▸ **DESCRIPTION OF THE TASK**
An exact copy is needed of the lines in the entries below from the line with "Palu, 17 Januari" up to and including the line with "一年級同學運用LEGO套件認", and of nothing else. Leave the pictures out.

*** SOURCE INFORMATION Section Begins ***

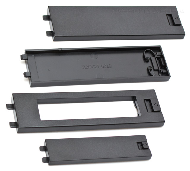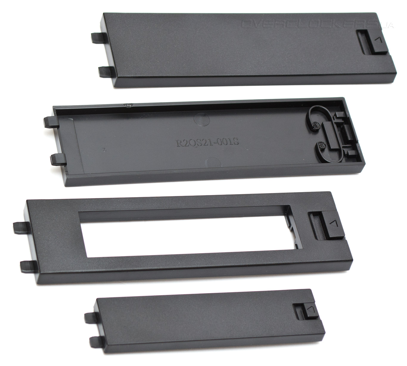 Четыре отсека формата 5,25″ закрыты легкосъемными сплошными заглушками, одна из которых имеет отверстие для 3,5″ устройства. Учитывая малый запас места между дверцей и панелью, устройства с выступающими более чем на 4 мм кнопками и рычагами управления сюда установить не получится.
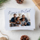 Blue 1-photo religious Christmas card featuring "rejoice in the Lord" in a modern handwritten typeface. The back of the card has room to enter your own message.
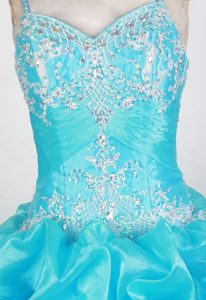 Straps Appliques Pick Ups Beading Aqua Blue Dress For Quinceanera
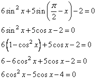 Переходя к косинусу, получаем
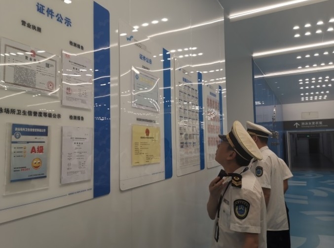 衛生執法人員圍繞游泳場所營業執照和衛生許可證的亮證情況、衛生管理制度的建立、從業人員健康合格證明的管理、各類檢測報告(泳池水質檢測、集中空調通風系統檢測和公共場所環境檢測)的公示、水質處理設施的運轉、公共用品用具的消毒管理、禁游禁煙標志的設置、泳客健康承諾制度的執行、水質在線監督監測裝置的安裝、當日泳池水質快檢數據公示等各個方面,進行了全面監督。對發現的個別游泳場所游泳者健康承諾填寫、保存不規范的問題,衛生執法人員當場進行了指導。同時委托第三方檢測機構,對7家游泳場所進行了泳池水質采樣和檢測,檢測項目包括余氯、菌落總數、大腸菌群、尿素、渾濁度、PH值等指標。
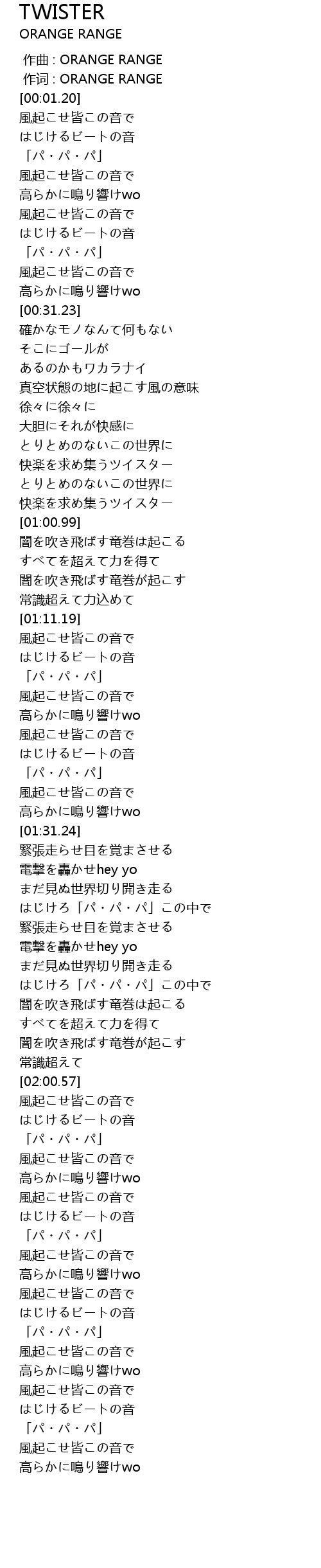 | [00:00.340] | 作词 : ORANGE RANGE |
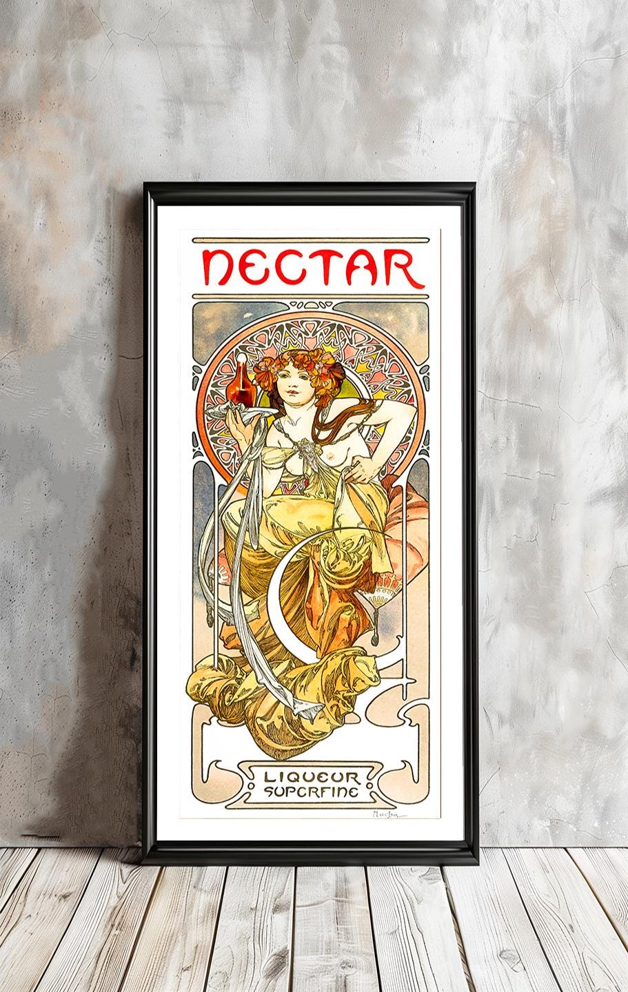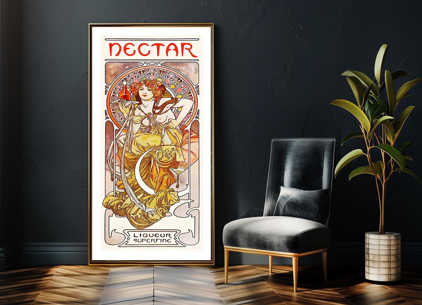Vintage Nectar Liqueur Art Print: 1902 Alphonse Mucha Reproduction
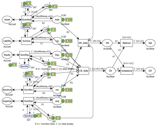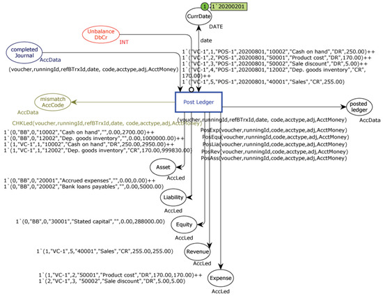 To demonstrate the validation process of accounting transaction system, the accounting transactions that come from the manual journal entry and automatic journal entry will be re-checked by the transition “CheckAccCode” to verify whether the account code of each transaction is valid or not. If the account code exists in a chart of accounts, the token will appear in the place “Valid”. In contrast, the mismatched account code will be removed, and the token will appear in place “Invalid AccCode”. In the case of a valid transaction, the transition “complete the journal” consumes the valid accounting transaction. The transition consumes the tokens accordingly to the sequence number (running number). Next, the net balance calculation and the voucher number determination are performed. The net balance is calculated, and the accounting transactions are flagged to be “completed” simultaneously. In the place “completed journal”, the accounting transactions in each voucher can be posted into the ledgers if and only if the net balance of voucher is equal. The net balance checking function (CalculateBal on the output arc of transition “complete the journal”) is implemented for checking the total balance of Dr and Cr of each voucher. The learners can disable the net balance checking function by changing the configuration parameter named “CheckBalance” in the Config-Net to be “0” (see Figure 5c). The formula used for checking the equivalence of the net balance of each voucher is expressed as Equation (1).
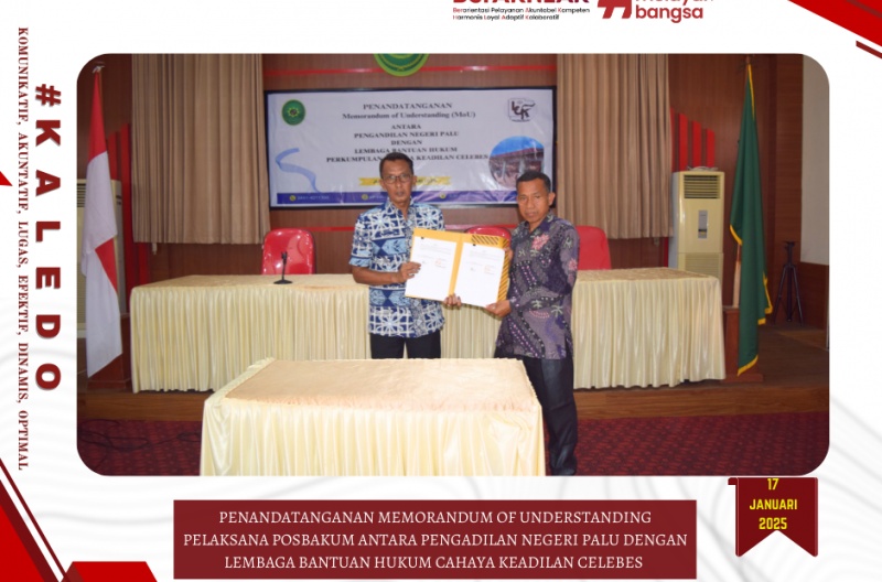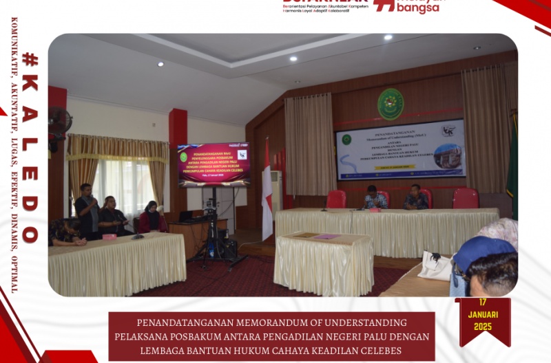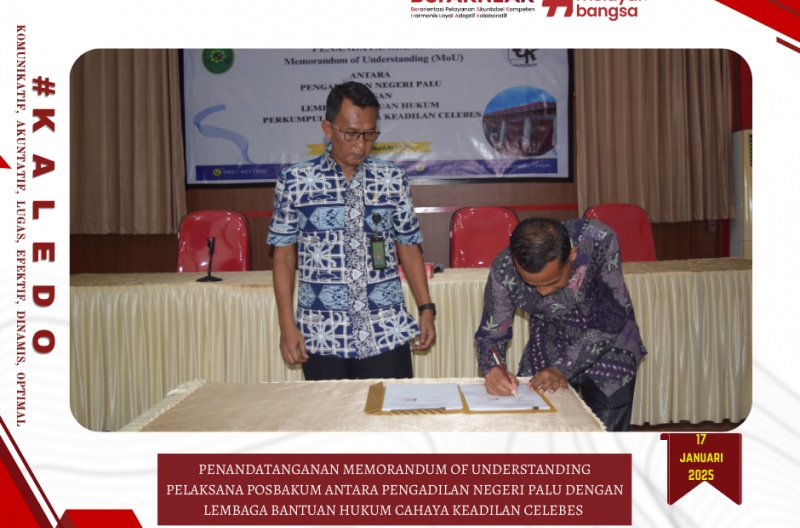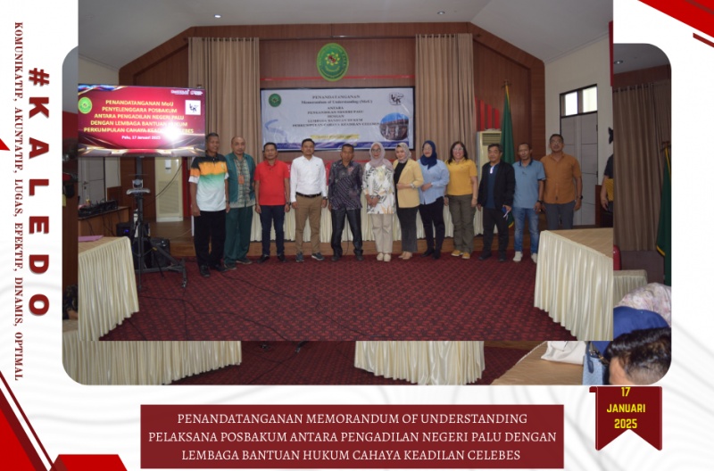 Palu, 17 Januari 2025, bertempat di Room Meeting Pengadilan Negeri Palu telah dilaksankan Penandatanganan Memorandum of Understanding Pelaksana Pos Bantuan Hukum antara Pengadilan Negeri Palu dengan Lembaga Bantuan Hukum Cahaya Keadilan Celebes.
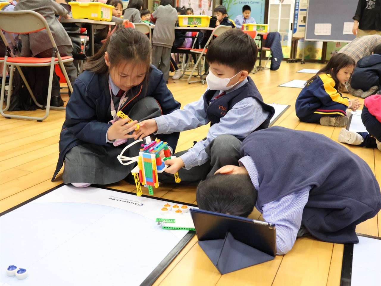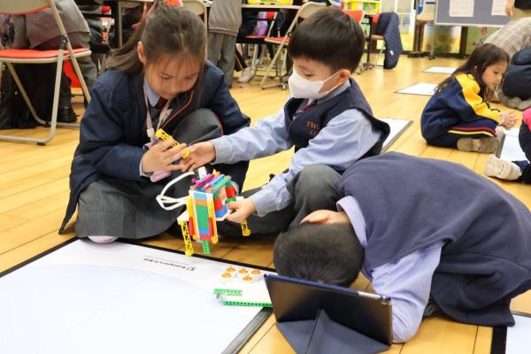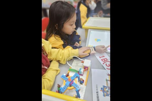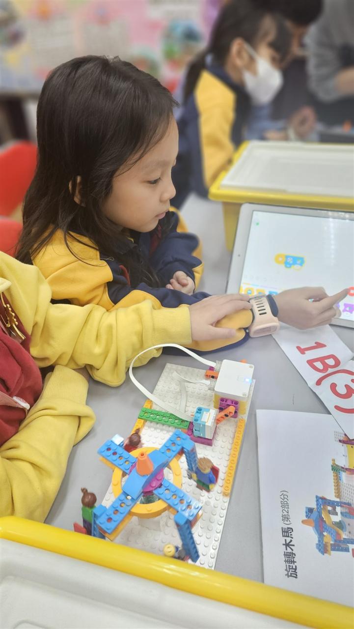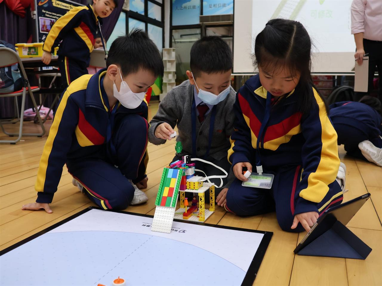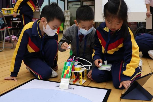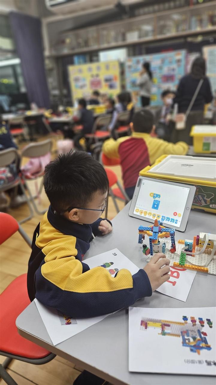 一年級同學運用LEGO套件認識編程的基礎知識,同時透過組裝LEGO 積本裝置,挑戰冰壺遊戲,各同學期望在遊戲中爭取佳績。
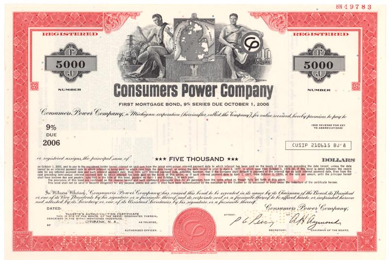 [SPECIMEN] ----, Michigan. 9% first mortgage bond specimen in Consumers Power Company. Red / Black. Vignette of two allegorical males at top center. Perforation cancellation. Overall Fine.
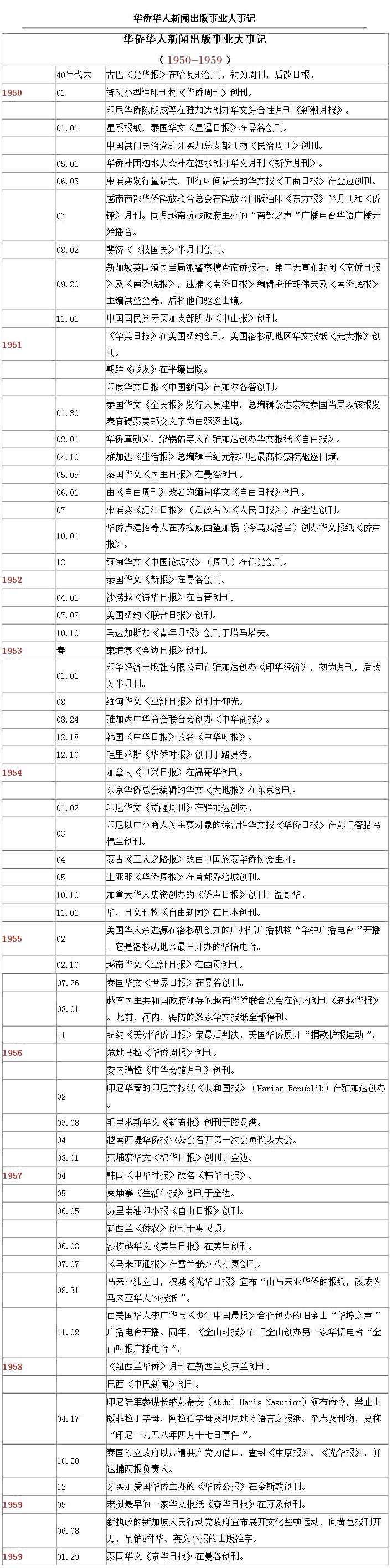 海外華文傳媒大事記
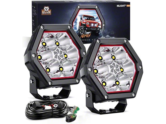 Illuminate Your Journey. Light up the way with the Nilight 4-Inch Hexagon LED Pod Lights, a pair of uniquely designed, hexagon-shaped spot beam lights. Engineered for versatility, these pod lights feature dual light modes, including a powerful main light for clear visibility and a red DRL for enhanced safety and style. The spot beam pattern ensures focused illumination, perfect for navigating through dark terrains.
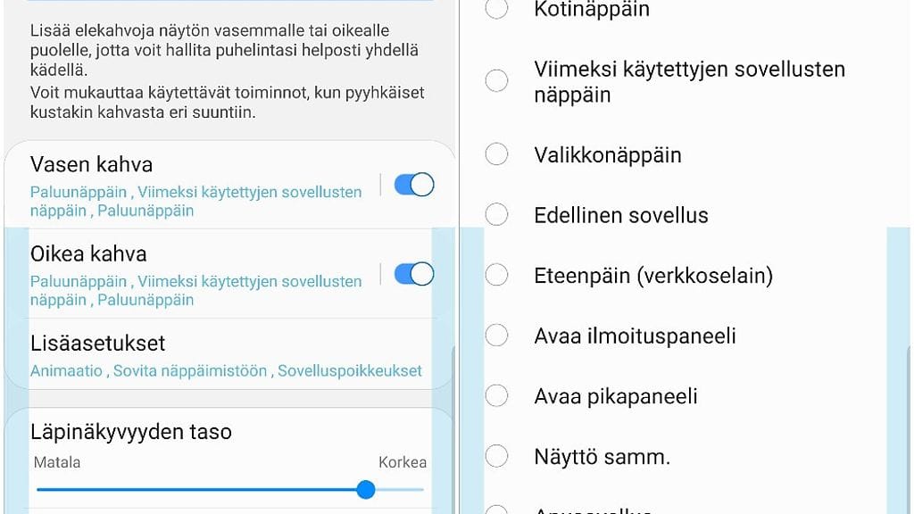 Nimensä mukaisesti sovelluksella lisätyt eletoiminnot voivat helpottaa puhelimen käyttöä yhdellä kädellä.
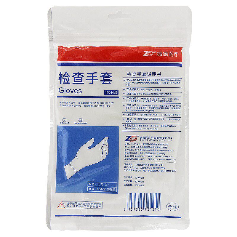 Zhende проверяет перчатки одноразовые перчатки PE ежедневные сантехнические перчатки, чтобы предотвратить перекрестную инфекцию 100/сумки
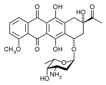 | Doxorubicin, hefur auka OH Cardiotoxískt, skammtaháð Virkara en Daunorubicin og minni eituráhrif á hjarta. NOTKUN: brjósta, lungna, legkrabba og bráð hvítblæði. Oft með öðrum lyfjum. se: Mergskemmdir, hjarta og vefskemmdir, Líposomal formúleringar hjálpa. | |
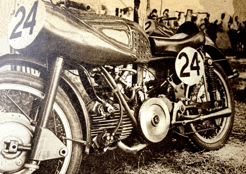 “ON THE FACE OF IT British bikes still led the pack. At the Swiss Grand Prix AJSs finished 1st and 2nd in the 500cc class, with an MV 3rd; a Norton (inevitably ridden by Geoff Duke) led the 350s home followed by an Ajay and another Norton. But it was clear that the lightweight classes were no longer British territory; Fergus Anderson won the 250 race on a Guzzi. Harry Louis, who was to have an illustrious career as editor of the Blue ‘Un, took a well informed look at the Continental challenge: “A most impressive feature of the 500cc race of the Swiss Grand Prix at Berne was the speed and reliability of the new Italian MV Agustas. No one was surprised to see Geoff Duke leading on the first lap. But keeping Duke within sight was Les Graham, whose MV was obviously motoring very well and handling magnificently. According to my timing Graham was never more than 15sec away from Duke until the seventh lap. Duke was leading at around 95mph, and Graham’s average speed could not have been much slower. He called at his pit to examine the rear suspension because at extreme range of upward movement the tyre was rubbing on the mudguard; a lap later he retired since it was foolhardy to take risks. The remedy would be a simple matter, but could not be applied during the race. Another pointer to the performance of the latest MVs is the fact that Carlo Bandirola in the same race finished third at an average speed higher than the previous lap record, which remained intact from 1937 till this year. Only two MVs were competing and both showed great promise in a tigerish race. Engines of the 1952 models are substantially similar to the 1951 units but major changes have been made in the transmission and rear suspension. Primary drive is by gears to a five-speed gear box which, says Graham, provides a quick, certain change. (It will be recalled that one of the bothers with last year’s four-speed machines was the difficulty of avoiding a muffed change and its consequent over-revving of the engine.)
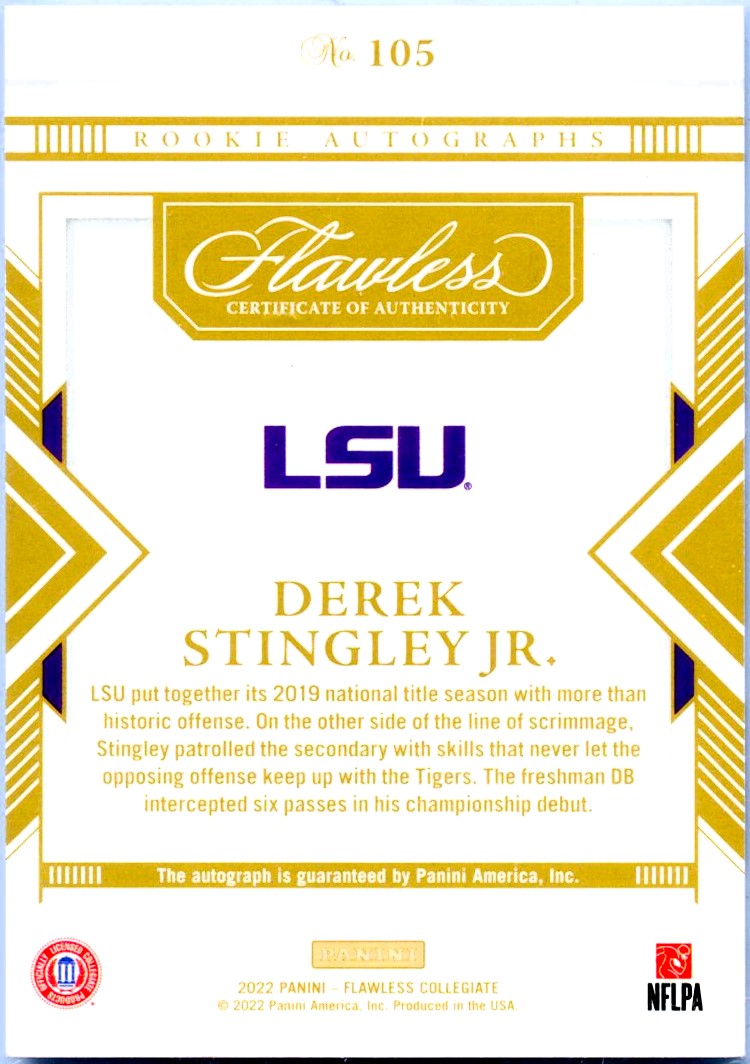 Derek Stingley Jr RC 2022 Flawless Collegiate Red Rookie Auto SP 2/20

*** SOURCE INFORMATION Section Ends ***

▸ **ANSWER FOR THIS EXERCISE**
 Palu, 17 Januari 2025, bertempat di Room Meeting Pengadilan Negeri Palu telah dilaksankan Penandatanganan Memorandum of Understanding Pelaksana Pos Bantuan Hukum antara Pengadilan Negeri Palu dengan Lembaga Bantuan Hukum Cahaya Keadilan Celebes.
 一年級同學運用LEGO套件認識編程的基礎知識,同時透過組裝LEGO 積本裝置,挑戰冰壺遊戲,各同學期望在遊戲中爭取佳績。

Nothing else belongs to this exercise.